About this task
Return exactly the lines from the start of the records below through the line containing "Ο Χασιέλ Ριβέρο", both ends included, and leave out the pictures.

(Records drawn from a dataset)
==============================

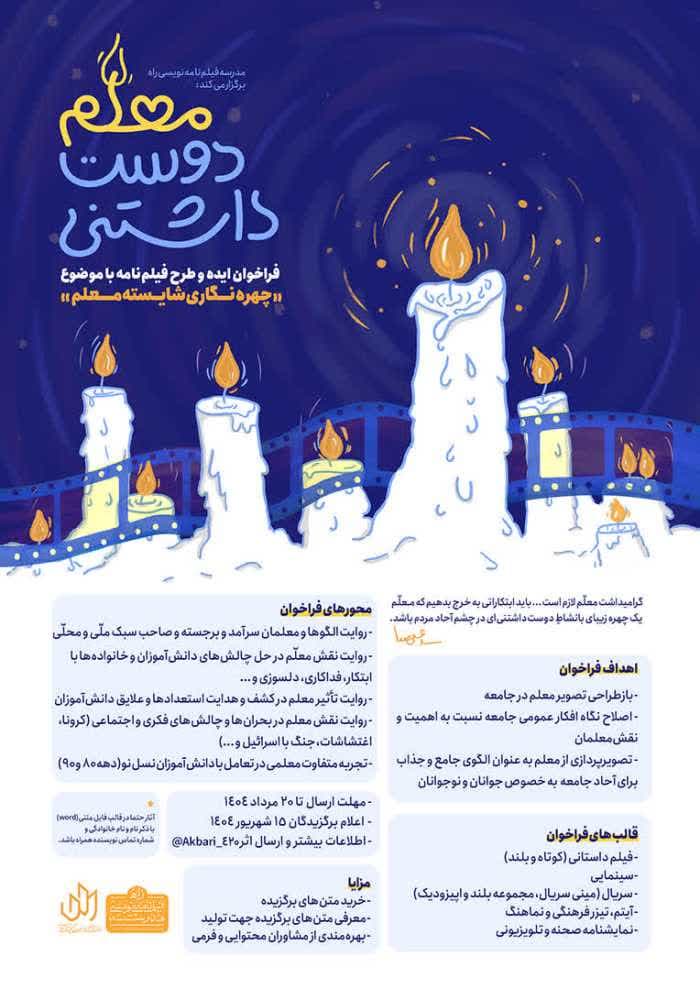 این فراخوان با موضوع چهرهنگاری شایسته معلم با محورهای الگوها و معلمان سرآمد و صاحب سبک ملّی و محلّی، نقش معلّم در حل چالشهای دانشآموزان و خانوادهها با ابتکار، فداکاری، دلسوزی، تأثیر معلم در کشف و هدایت استعدادها و علایق دانشآموزان، نقش معلم در بحرانها و چالشهای فکری و اجتماعی (کرونا، اغتشاشات، جنگ با اسرائیل و ..) و تجربه متفاوت معلمی در ده سال اخیر در قالب فیلمنامه داستانی (کوتاه و بلند)، سینمایی، سریال (مینی سریال، مجموعه بلند و اپیزودیک)، آیتم، تیزر فرهنگی و نماهنگ و نمایشنامه صحنه و تلویزیونی میباشد.
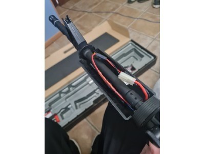 M4 Electric Blowback ICS. Esta totalmente de serie. Habré jugado con ella unas 10 o 15 partidas. Tiene Gearbox modular lo que es muy cómodo para engrasar o cambiar muelle. La réplica va perfecta y con muy buena precisión. La Bateria va dentro del guardamanos.
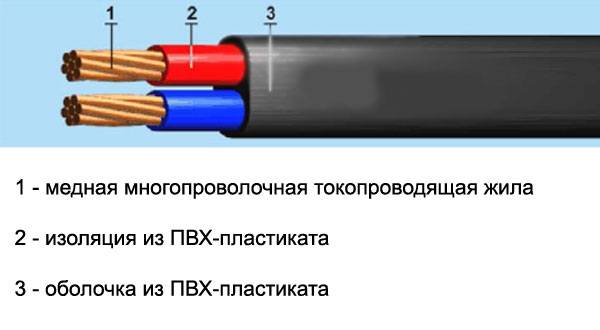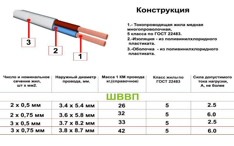 - Сечение жил ШВВП варьируется от 0 х 3,5 до 2,5 квадратных миллиметра;
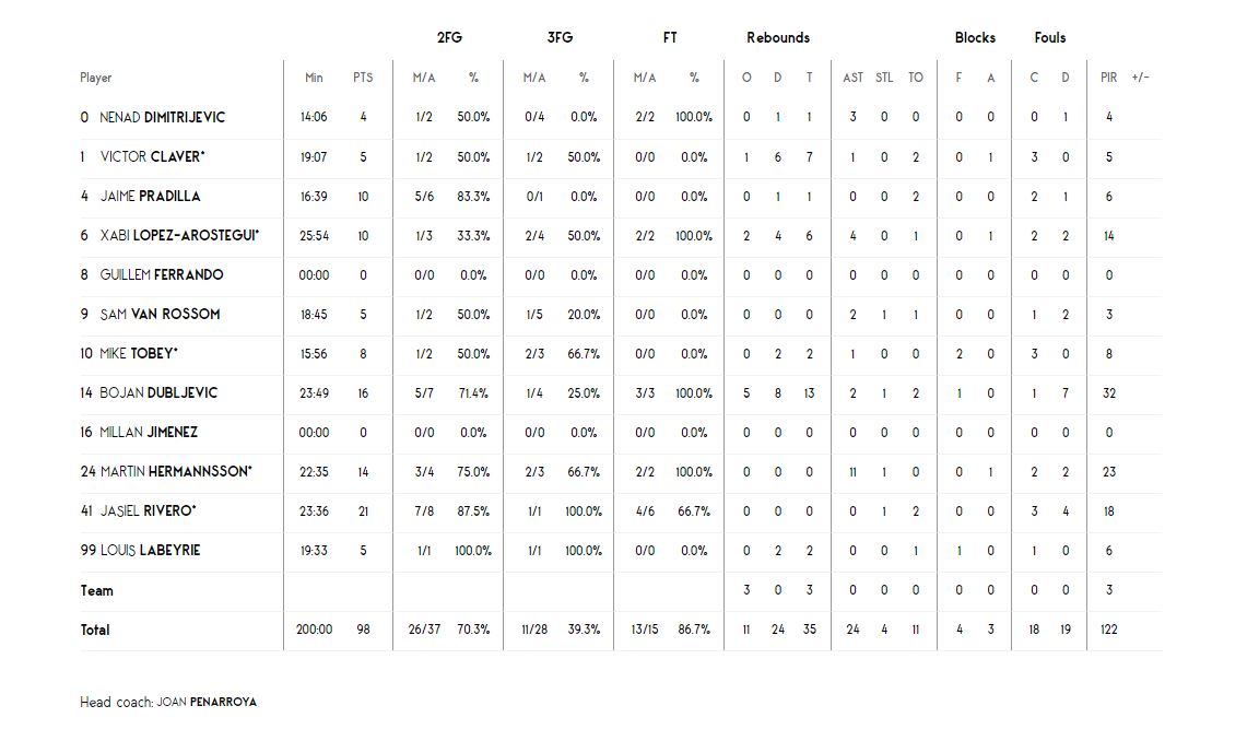 Ο Χασιέλ Ριβέρο ήταν εκείνος που έβαλε φαρδιά-πλατιά την υπογραφή του στο παιχνίδι που χάρισε το εισιτήριο στην ισπανική ομάδα καθώς σε 23 λεπτά συμμετοχής είχε 21 πόντους με 7/8 δίποντα, 1/1 τρίποντο και 4/6 βολές. Ο Μάρτιν Χέρμανσον είχε 14 πόντους και 11 ασίστ σουτάροντας 3/4 δίποντα και 2/3 τρίποντα. «Διψήφιοι» για τη Βαλένθια ήταν επίσης οι Πραντίγια και Λόπεζ-Αροστέγκι.
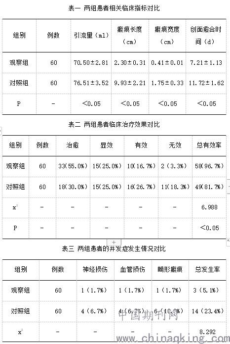 针对两组患者在正式进行手术治疗之前,都在患者穿刺病变的位置进行抽液,并实施相关培养和药敏试验,对患者进行B超检查,对其是否存在脓肿的情况以及脓肿的实际大小等诸多方面情况加以确立。(1)针对对照组患者采用传统切开引流术进行治疗:在患者脓肿最低处同时瘢痕相对隐匿的位置进行手术切口,切口的大小应根据患者脓肿的大小和深度加以确立,确保引流较好的通畅性。进行切口到皮下以后,应用血管钳实施钝性分离处理,直到脓腔,确保每一个受累间隙能够被充分分离,执行冲洗操作,应用乳胶管进行引流处理,同时使用无菌纱布加以覆盖。针对敷料,每日中应根据患者敷料实际的渗透状态加以更换,一日1-2次。具体执行更换敷料操作的过程中,对于脓腔应用过氧化氢和生理盐水实施冲洗处理。相隔1-2日以后,针对患者的创面实施渗液病原学检验,根据其相关药敏试验和细菌培养的结果选择使用对应的抗生素进行治疗。在患者创面出现新生丰满的肉芽以后,没有脓性物分泌的情况下,便可减张创面缝合出院。(2)针对观察组患者采用微创切口联合负压引流的方法进行治疗:手术切口的条件和对照组保持一致,切口的长度将血管钳对脓腔的分离作为标准,宽度应小于2厘米,深度至患者相应的皮下组织,然后通过B超予以引导,对脓腔进行分离处理,彻底将脓液从中排出。与此同时,应用过氧化氢和生理盐水轮流交替并重复不断执行冲洗操作。然后取来相关高负压材料根据患者创面的实际形态对其外形加以修剪,并在创面中完成置入操作,保证材料的充分铺平,这样才能更好地引流到每一间隙中。记下来在患者皮下实施游离减张处理,将冲洗管和引流管均布置于高压材料中,闭合创面。患者回到病房以后,应用生理盐水(用量为500毫升)对冲洗端进行冲洗,每次时间为4小时,在间断期给予生理盐水进行清洗,并和纯氧导管进行连接,5升/分,对于负压端,连续进行24小时的吸引,压力为40-60千帕,直到冲洗液展现为清亮状态。在患者病情有所好转以后,将相应的负压引流装置取出,同时采用6.0美容缝线对患者的创面进行缝合处理。
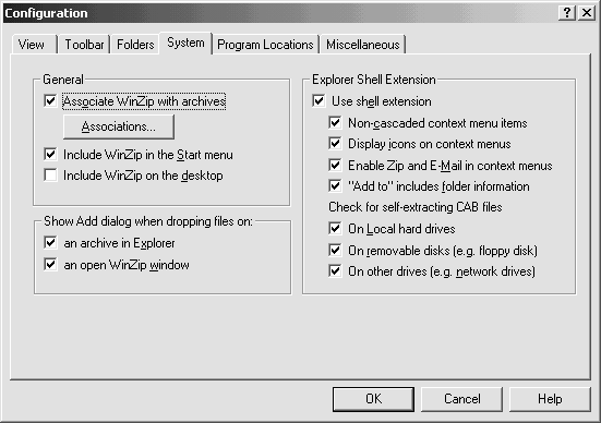 The System property sheet, displayed in Figure 6- 6, is divided into three sections: General, Show Add dialog when dropping files on, and Explorer Shell Extension. The General section allows you to control the types of archive files WinZip works with and where shortcuts to WinZip are placed.

==============================

Reply to the task
 این فراخوان با موضوع چهرهنگاری شایسته معلم با محورهای الگوها و معلمان سرآمد و صاحب سبک ملّی و محلّی، نقش معلّم در حل چالشهای دانشآموزان و خانوادهها با ابتکار، فداکاری، دلسوزی، تأثیر معلم در کشف و هدایت استعدادها و علایق دانشآموزان، نقش معلم در بحرانها و چالشهای فکری و اجتماعی (کرونا، اغتشاشات، جنگ با اسرائیل و ..) و تجربه متفاوت معلمی در ده سال اخیر در قالب فیلمنامه داستانی (کوتاه و بلند)، سینمایی، سریال (مینی سریال، مجموعه بلند و اپیزودیک)، آیتم، تیزر فرهنگی و نماهنگ و نمایشنامه صحنه و تلویزیونی میباشد.
 M4 Electric Blowback ICS. Esta totalmente de serie. Habré jugado con ella unas 10 o 15 partidas. Tiene Gearbox modular lo que es muy cómodo para engrasar o cambiar muelle. La réplica va perfecta y con muy buena precisión. La Bateria va dentro del guardamanos.
 - Сечение жил ШВВП варьируется от 0 х 3,5 до 2,5 квадратных миллиметра;
 Ο Χασιέλ Ριβέρο ήταν εκείνος που έβαλε φαρδιά-πλατιά την υπογραφή του στο παιχνίδι που χάρισε το εισιτήριο στην ισπανική ομάδα καθώς σε 23 λεπτά συμμετοχής είχε 21 πόντους με 7/8 δίποντα, 1/1 τρίποντο και 4/6 βολές. Ο Μάρτιν Χέρμανσον είχε 14 πόντους και 11 ασίστ σουτάροντας 3/4 δίποντα και 2/3 τρίποντα. «Διψήφιοι» για τη Βαλένθια ήταν επίσης οι Πραντίγια και Λόπεζ-Αροστέγκι.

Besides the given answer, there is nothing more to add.